Chancellor Daniel W. Pullin announced the institute at TCU’s inaugural Global Human Performance Forum, which convened researchers, industry leaders and practitioners to discuss the future of human performance research. The institute will serve as a hub for research, technology development and cross-disciplinary collaboration aimed at helping people perform safely and effectively in demanding settings.
The institute is built around Athlete Engineering, a discipline founded by Reuben F. Burch V, TCU’s vice provost for research. The field holds that performance is shaped less by the individual than by the surrounding system, including the interaction of people, technology, environments, teams and systems. It applies to traditional athletes as well as “tactical athletes” such as military personnel and first responders and “industrial athletes” in fields such as manufacturing, construction, transportation and logistics. Insights developed in one area can improve outcomes in another.

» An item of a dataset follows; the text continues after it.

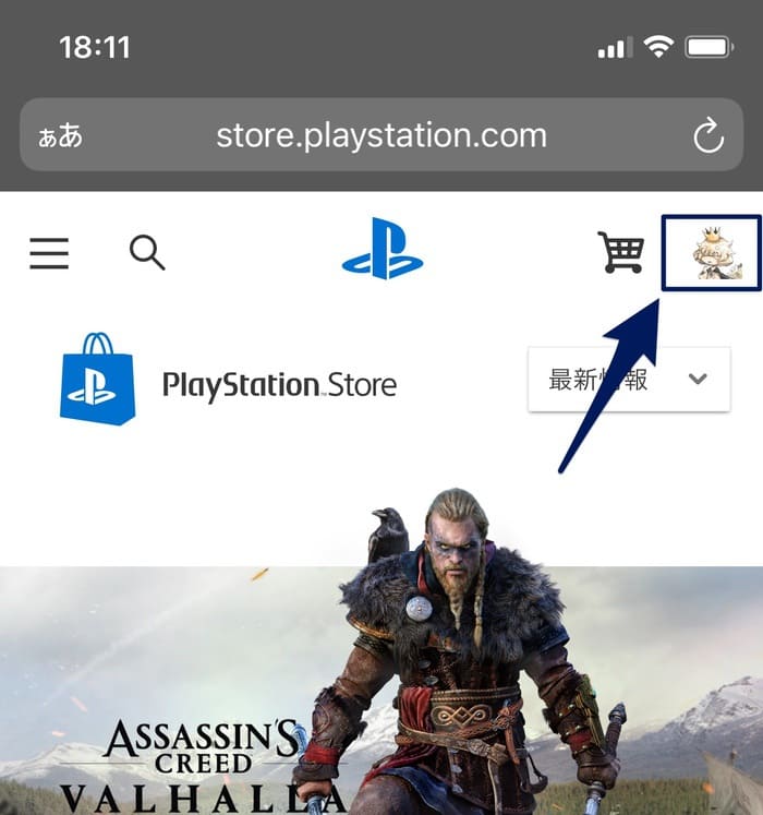 WEBからの場合は、PCの手順とほとんど変わりません。まずはスマホのブラウザアプリから、PSStoreへアクセスしましょう。

“Most universities have athletics, and many universities have research, but few intentionally bring those worlds together,” Burch said. “We view athletes as people first and believe the lessons we learn through research can improve lives far beyond the playing field.”

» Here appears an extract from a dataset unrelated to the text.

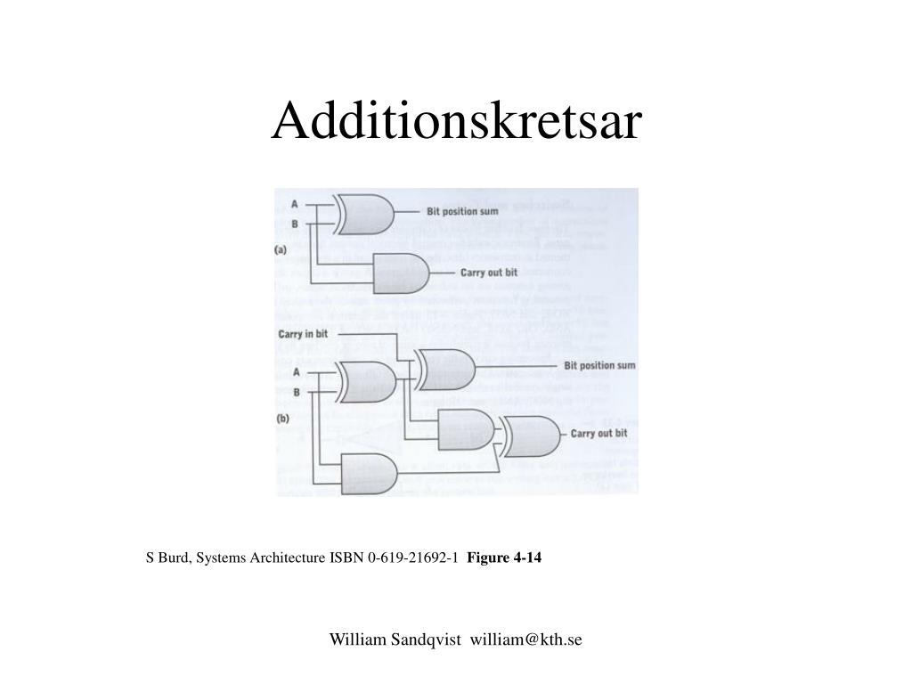 Additionskretsar S Burd, Systems Architecture ISBN 0-619-21692-1 Figure 4-14 William Sandqvist william@kth.se

Burch developed Athlete Engineering over more than a decade at Mississippi State University before joining TCU in 2025. University leaders said TCU’s combination of major athletics programs, a growing research enterprise and a location in a top sports market position it to become the national home for the field.

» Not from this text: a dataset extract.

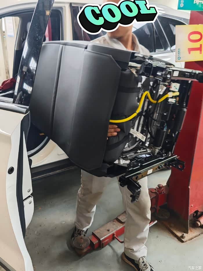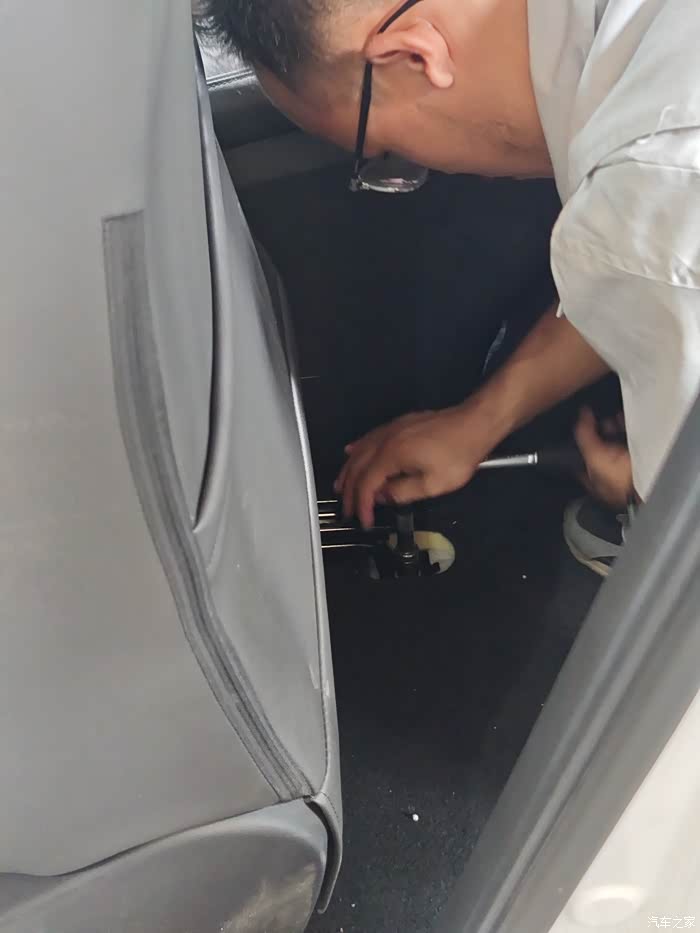 确认好质保换件之后,师傅就开始拆卸座椅更换滑轨了,整个座椅拆下来更换。

The Roach Foundation’s gift will support research, faculty recruitment, student opportunities and industry partnerships, and advances the interdisciplinary research goals of TCU’s LEAD ON: Values in Action strategic plan and the university’s effort to reach Carnegie Research 1 status by 2035. Pullin said the institute extends recent TCU investments in student health and wellness, including donor-funded strength and recovery facilities, and will “study, scale and replicate elite performance.”
The gift continues a relationship between the Roach family and TCU that spans more than six decades.
“Above all, the new institute will enrich the student experience at TCU with more opportunities for meaningful applied research and discovery in a field that expands the boundaries of human performance,” said Amy Roach Bailey ’89, a TCU trustee and chair of the board’s Academic Affairs Committee.
The institute will be directed by Jim Weinstein, Ph.D., RD, CSSD, FAND, a nutrition scientist and board-certified sports dietitian who retired as a colonel after a 28-year Air Force career and most recently served as deputy director of Athlete Engineering at Mississippi State. His leadership team includes associate director Zachary M. Gillen, an associate professor of kinesiology; chief athlete liaison Spencer Tatum; performance science lead Michael Mydlo; and engineering research lead Anna Grace Dill.
Provost Floyd L. Wormley Jr. called the institute “another giant step forward for TCU,” one that pairs faculty research with practical application and works alongside the university’s broader research initiatives to benefit students and industry partners.